Set in 1944, as Hitler's Final Solution becomes policy throughout Europe, Fateless is the semi-autobiographical tale of a 14 year-old Jewish boy from Budapest, who finds himself swept up by cataclysmic events beyond his comprehension. A perfectly normal metropolitan teen who has never felt particularly connected to his religion, he is suddenly separated from his family as part of the rushed and random deportation of his city's large Jewish population. Brought to a concentration camp, his existence becomes a surreal adventure in adversity and adaptation, and he is never quite sure if he is the victim of his captors, or of an absurd destiny that metes out salvation and suffering arbitrarily. When he returns home after the liberation, he missed the sense of community he experienced in the camps, feeling alienated from both his Christian neighbors who turned a blind eye to his fate, and the Jewish family friends who avoided deportation and who now want to put the war behind them. Based on the autobiographical novel by Hungarian Nobel Laureate Imre Kertész and built in vignettes. DVD. 140 minutes
Flames In The Ashes
An examination of the many ways that Jews resisted the Nazis. Over documentary footage, the voices of those who survived the war are woven together to give viewers a sense of the differing dimensions of Jewish resistance in Europe before and during World War II. Note: May have some graphic footage. (JHS/MS+). B/W. (90 min)
For Tomorrow: The Story and Poetry of Hilda Stern Cohen
The story of Hilda Stern Cohen (1924-1997), a Holocaust survivor, poet, and Jewish educator. Her remarkable life spans an idyllic childhood in a small rural village in Germany, the horrors of the Lodz Ghetto and Auschwitz, the limbo of a displaced persons camp in Austria, and the redemptive value of spirituality and a reclaimed Jewish identity in post World-War II America. A unique experiment in telling stories of the Holocaust for future generations. Special features include Elizabeth Bolton's performance of song settings of nine poems by Hilda Stern Cohen, as composed by William Gilcher. 90 minutes. DVD.
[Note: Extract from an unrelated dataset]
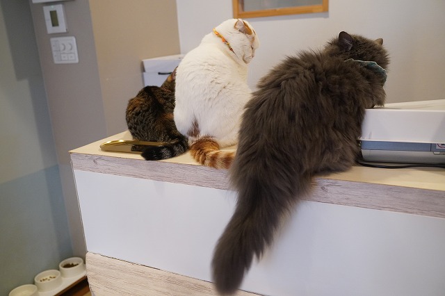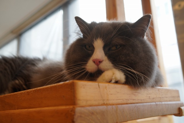 「なんでパンチするんだよ~。」と、その後レジ上に上って避難したラムネくん
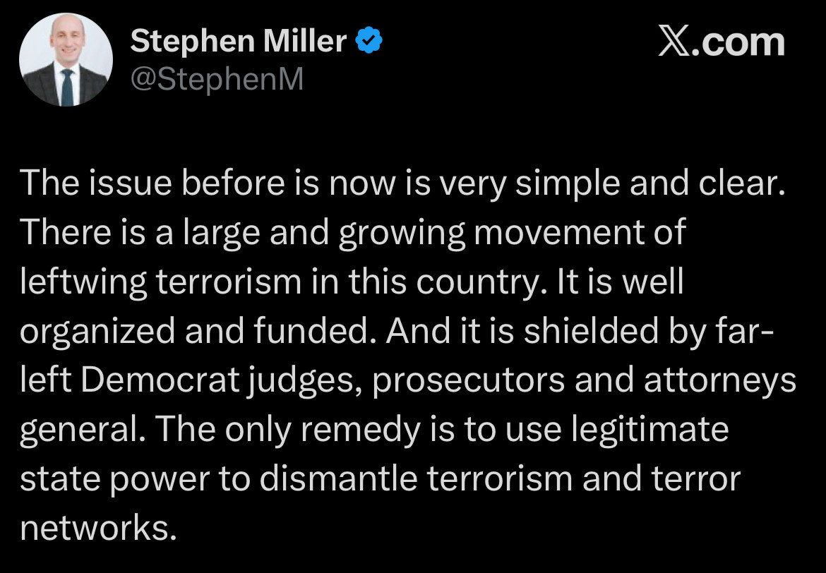 Oh course, there are no "left wing terrorists" wreaking havoc through the country. What he's refering to are protesters that are utilizing their first amendment rights. Looks like this guy has the same problems with the constitution that the rest of this administration are having. There is no legitimate power that exists that will quell protests. None.

Genocide; The World At War, Vol. 20
A documentary that tells the story of Hitler's "Final Solution" and exposes the methodical destructiveness of the Nazi era. Set within the historic frame, from 1920 to 1945, this film exposes the methodical insanity of the Nazi era. Extraordinary footage and interviews with death camp survivors, as well as with Germans who were directly involved in implementing the "Final Solution." Narrated by Sir Laurence Olivier. (JHS/MS/HS+). Color & B/W. (52 min)
Ghosts of Rwanda
Rwanda was supposed to be easy. Ten years ago, when the United Nations sent peacekeepers to this small, Central African nation, most of the policymakers involved believed it would be a straightforward mission that would help restore the UN's battered reputation after failures in Bosnia and Somalia. Few could imagine that, a decade later, Rwanda would be the crisis that still haunts their sould. This documentary marks the 10th anniversary of the Rwandan genocide - a state-sponsored massacre in which some 800,000 Rwandans were methodically hunted down and murdered by Hutu extremistis as the United States and international community stood by, refusing to intervene. Through interviews with key government officials, diplomats, soldiers, and survivors of the slaughter, GHOSTS OF RWANDA offers groundbreaking, firsthand accounts of the genocide from those who lived it: the diplomats on the scene who thought they were building peace only to see their colleagues murdered; the Tutsi surviors, who recount the horror of seeing their friends and family members slaughtered by Hutu friends and co-workers; and the UN peacekeepers in Rwanda who were ordered not to intervene in the massacre happening all around them. The documentary features interviews with UN Secretary General Kofi Annan, former Secretary of State Madeline Albright, former UN Secretary General Boutros Boutros-Ghali, Canadian General Romeo Dallaire, and former National Security Advisor Anthony Lake as well as haunting interviews with the Hutu killers themselves. GHOSTS OF RWANDA also examines the aftermath of the genocide, the lessons learned - and not learned - by the international community, and questions whether the phrase "never again" has more meaning today than it did ten years ago. A FRONTLINE production. 120 minutes, color, DVD only.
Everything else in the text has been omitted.